- Directions for this task: The records that follow need to be printed exactly. Leave out each image.

- Saved entries:
-- Opening Marker --

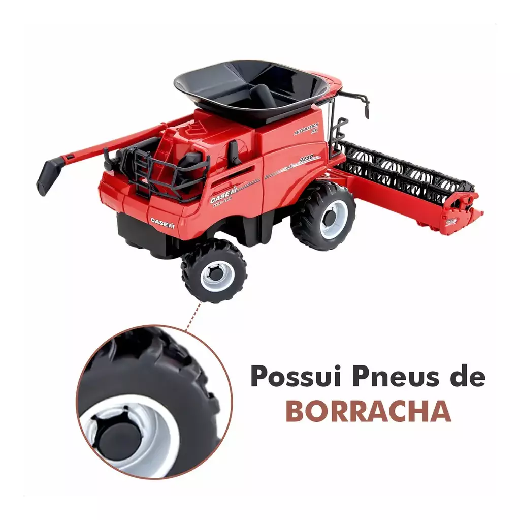 Conteúdo do kit: 1 - Colheitadeira de Grãos Axial 9250 Miniatura Case Dimensões Aproximadas da Colheitadeira Comprimento: 29 cm Largura: 19,5 cm Altura: 19 cm Cerificado de segurança INMETRO Nº 009922/2019 Garantia do fabricação: 30 dias contra defeito de fabricação
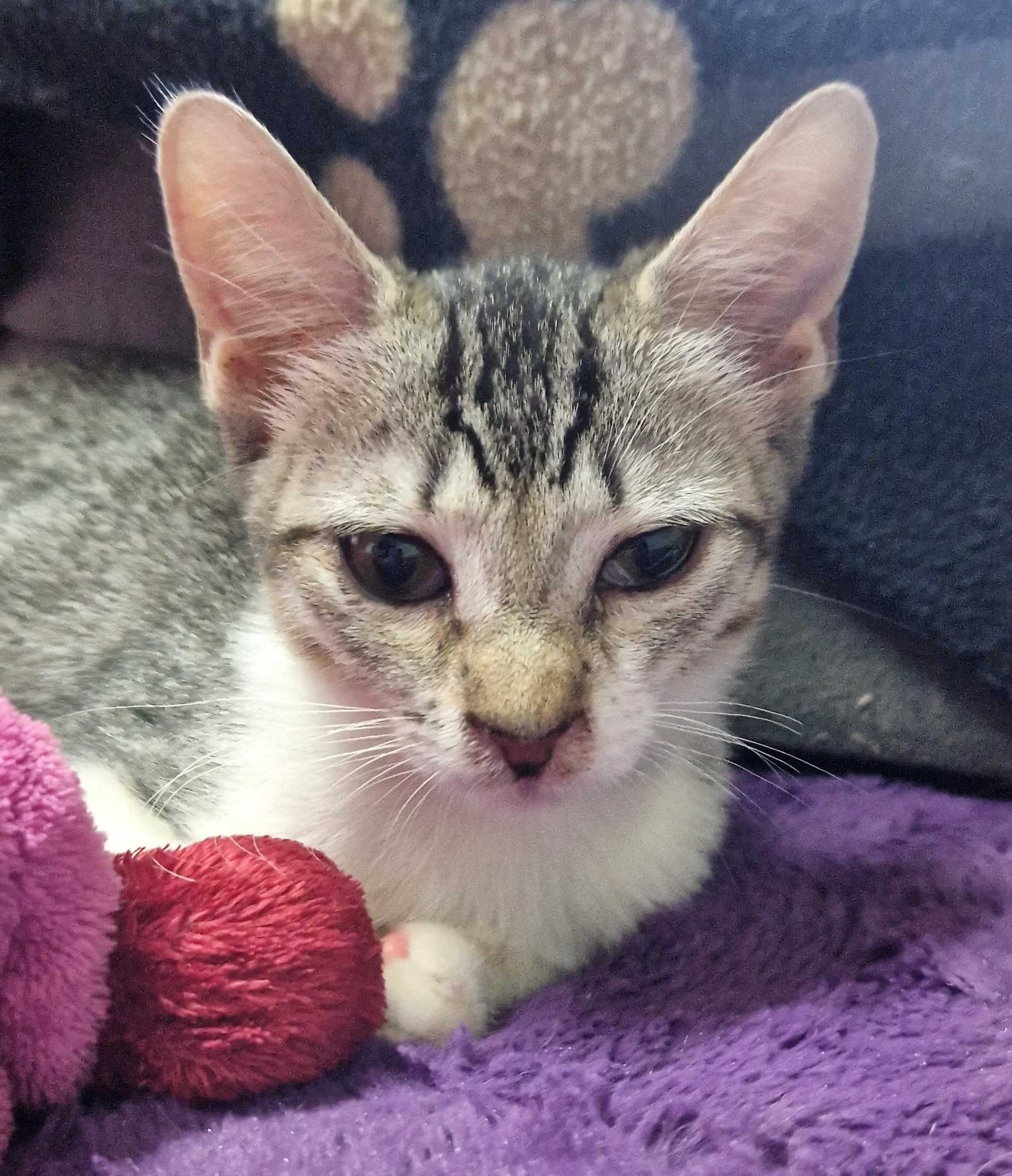 MAITREYA fue encontrada junto con su hermanita en una caja bajo la fría lluvia con sólo 10 días. Ambas fueron trasladadas a una casa de acogida donde se les aseó y se le dio calorcito y se inicio la desparasitación externa. Actualmente tienen unos 3 meses y buscan un hogar donde ser felices.
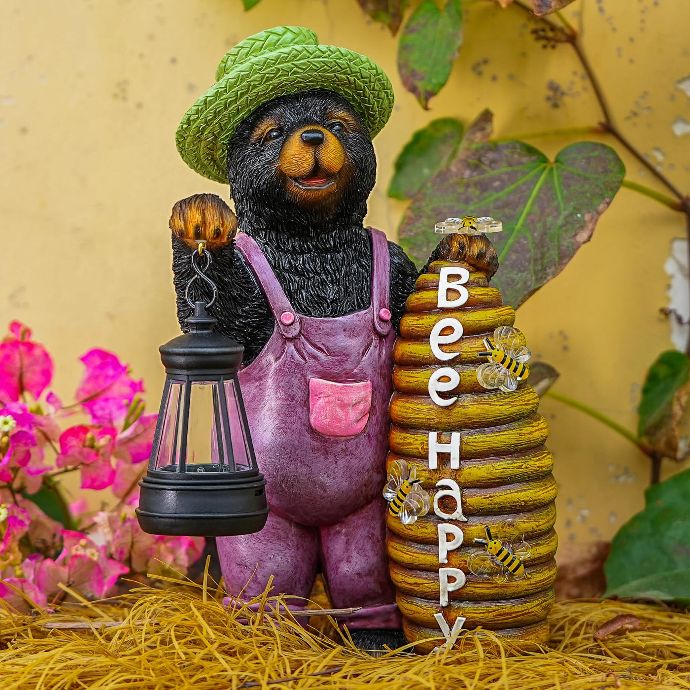 Joint Honglin Solar Adorable Bear Garden Statue with Beehive and Lantern - Bee Happy Resin Outdoor Decoration for Yard, Patio
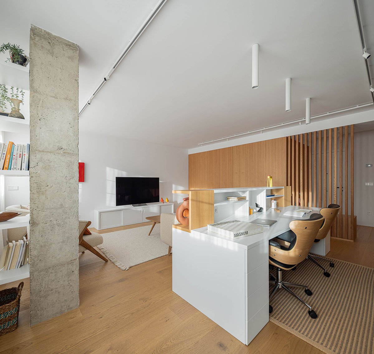 Excerpt: CV Apartment Renovation in Avilés by David Olmos Arquitectos is an interior design project for a flat with a very compartmentalised and elongated layout. The proposed reform aims to reconfigure the space, creating a large living room with a work area and multipurpose room. The kitchen and dining areas overlooking a courtyard are arranged more openly, using furniture as a delimiting element.
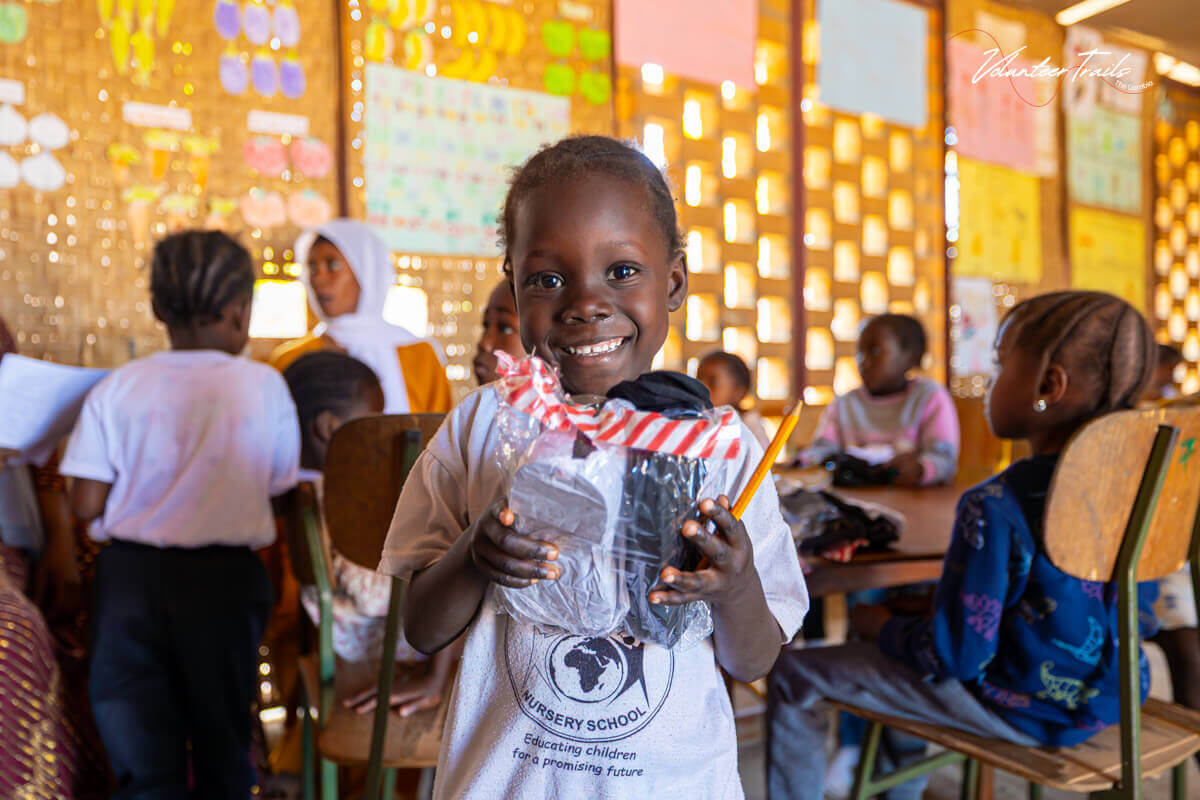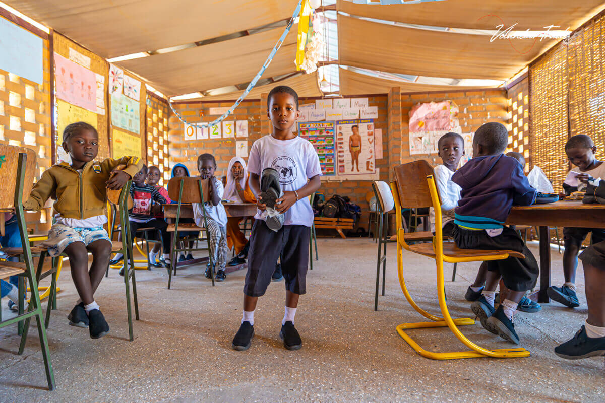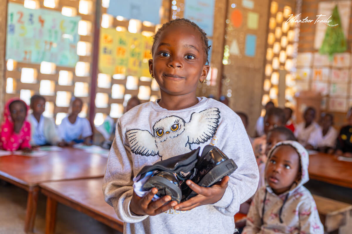 S pomočjo donacij prostovoljke Tine smo lahko v našem vrtcu uresničili nekaj, kar se na prvi pogled zdi zelo preprosto – kupili nove čevlje in nogavičke za vse otroke. A tukaj smo se znova naučili, da tudi najbolj vsakdanje opravilo lahko v Gambiji postane pravi mali projekt, ki zahteva veliko organizacije, iznajdljivosti in predvsem potrpežljivosti.

-- Closing Marker --

- Answer box:
 Conteúdo do kit: 1 - Colheitadeira de Grãos Axial 9250 Miniatura Case Dimensões Aproximadas da Colheitadeira Comprimento: 29 cm Largura: 19,5 cm Altura: 19 cm Cerificado de segurança INMETRO Nº 009922/2019 Garantia do fabricação: 30 dias contra defeito de fabricação
 MAITREYA fue encontrada junto con su hermanita en una caja bajo la fría lluvia con sólo 10 días. Ambas fueron trasladadas a una casa de acogida donde se les aseó y se le dio calorcito y se inicio la desparasitación externa. Actualmente tienen unos 3 meses y buscan un hogar donde ser felices.
 Joint Honglin Solar Adorable Bear Garden Statue with Beehive and Lantern - Bee Happy Resin Outdoor Decoration for Yard, Patio
 Excerpt: CV Apartment Renovation in Avilés by David Olmos Arquitectos is an interior design project for a flat with a very compartmentalised and elongated layout. The proposed reform aims to reconfigure the space, creating a large living room with a work area and multipurpose room. The kitchen and dining areas overlooking a courtyard are arranged more openly, using furniture as a delimiting element.
 S pomočjo donacij prostovoljke Tine smo lahko v našem vrtcu uresničili nekaj, kar se na prvi pogled zdi zelo preprosto – kupili nove čevlje in nogavičke za vse otroke. A tukaj smo se znova naučili, da tudi najbolj vsakdanje opravilo lahko v Gambiji postane pravi mali projekt, ki zahteva veliko organizacije, iznajdljivosti in predvsem potrpežljivosti.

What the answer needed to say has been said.